So ... it's my Gregorian, crawled-from-the-womb-of-my-mother birthday. I'm 29 years old today. That means next year I'll be 30, and that's an age I've always longed for. Why? I can't say exactly. I just feel like it's some kind of prized accomplishment to hit 30. Twenty-nine, it seems, is not so exciting. But at least I remembered my birthday this year.
I slept in, went and got a massage thanks to a gift credit from an awesome coworkers, bought myself a birthday cake to take to a friend's sukkah tonight, and am now sitting outside of a Whole Foods still greased up from my massage drinking something called RUNA that advertises itself as "focused energy." Only 50 calories per bottle! Hoo-rah!
So what is my wisdom? What is my grand statement of day of birth clarity?

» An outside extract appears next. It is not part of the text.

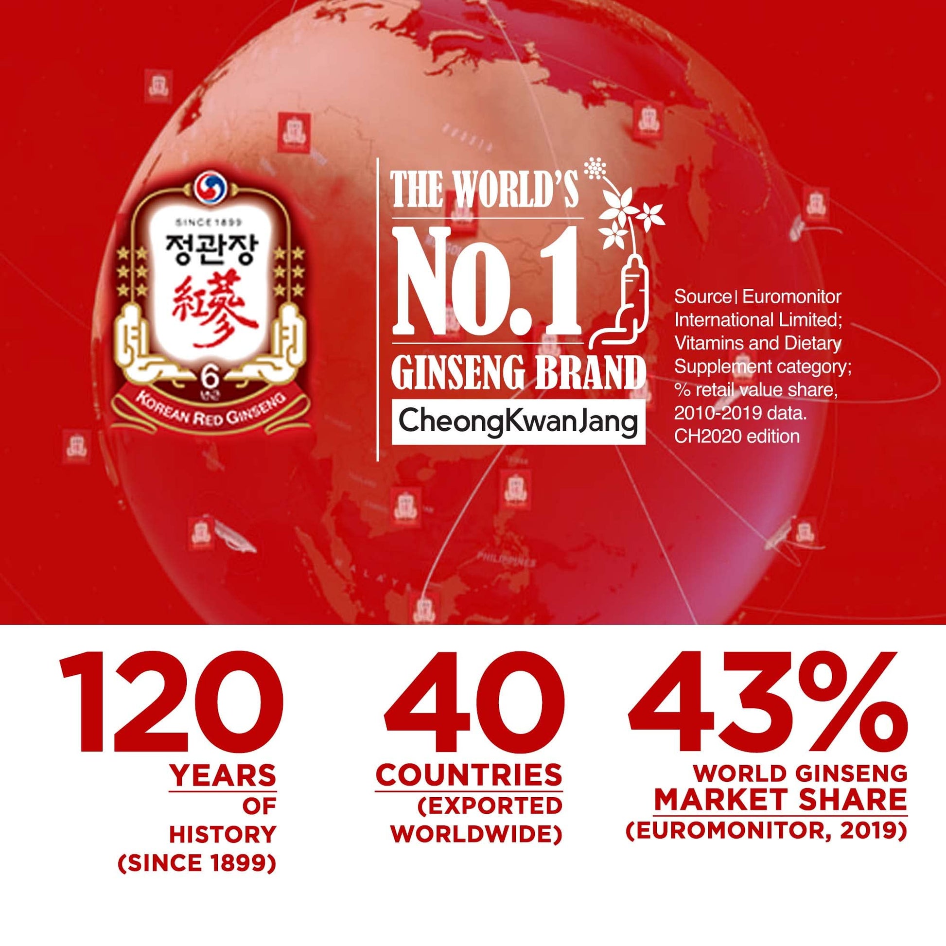 - CheongKwanJang - No.1 GINSENG BRAND IN THE WORLD - When it comes to a product like ginseng, you do not want to go with a no-name internet brand. KGC(CheongKwanJang) has been considered the top brand in the world for 120+ years! CheongKwanJang has perfected the Korean Red Ginseng creation process from soil cultivation to production to create the best ginseng product for you. Our master ginseng researchers ensure that only the best ginseng roots are harvested and used for production.

I honestly don't have one. Birthdays, it seems, are irrelevant at this age. I don't get gifts anymore, and the only in-the-mail card I got was from the stellar Tenzin (thank you!). It's another day, and that's okay.
If you look back to Tanakh, the only birthday ever mentioned was Pharoah's, and he was no friend to the Israelities -- so why do we even celebrate birthdays? Age, it seems, was only important at the point someone died or something major happened.

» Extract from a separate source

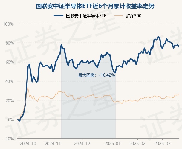 证券之星消息,3月19日,国联安中证半导体ETF最新单位净值为1.1043元,累计净值为2.2086元,较前一交易日下跌1.27%。历史数据显示该基金近1个月上涨0.38%,近3个月上涨8.42%,近6个月上涨75.68%,近1年上涨46.65%。该基金近6个月的累计收益率走势如下图:

Perhaps someday a biography will state, "At age 29, Chaviva moved to Israel." And then it will skip forward to the next age-significant moment in my life's chronology.
When I was in kindergarten I had a bowling party. After that I think it was mostly sleepovers. My 16th birthday involved miniature gummies that were shaped like hamburgers. When I turned 21, I met my (mostly) underage friends for dinner at Old Chicago and then went bar hopping with my newspaper coworkers and imbibed quite a lot of Bomb Pops (perhaps the most delicious girly beverage on the face of the earth). After that? Birthdays stopped being fun and started being obligatory. Two years ago, I got my first ever surprise "party" on Shabbat when my ex-husband took me out while sick to a friend's apartment where there were mini-festivities as I sniffed and coughed and felt like utter hell.
So there we are. It's 2012, I'm 29 years old, and it's really nothing special. I'm crazy stoked for Sukkot, but I'm realizing that leggings or tights or something warmer than what I currently seem to have in my wardrobe might be necessary.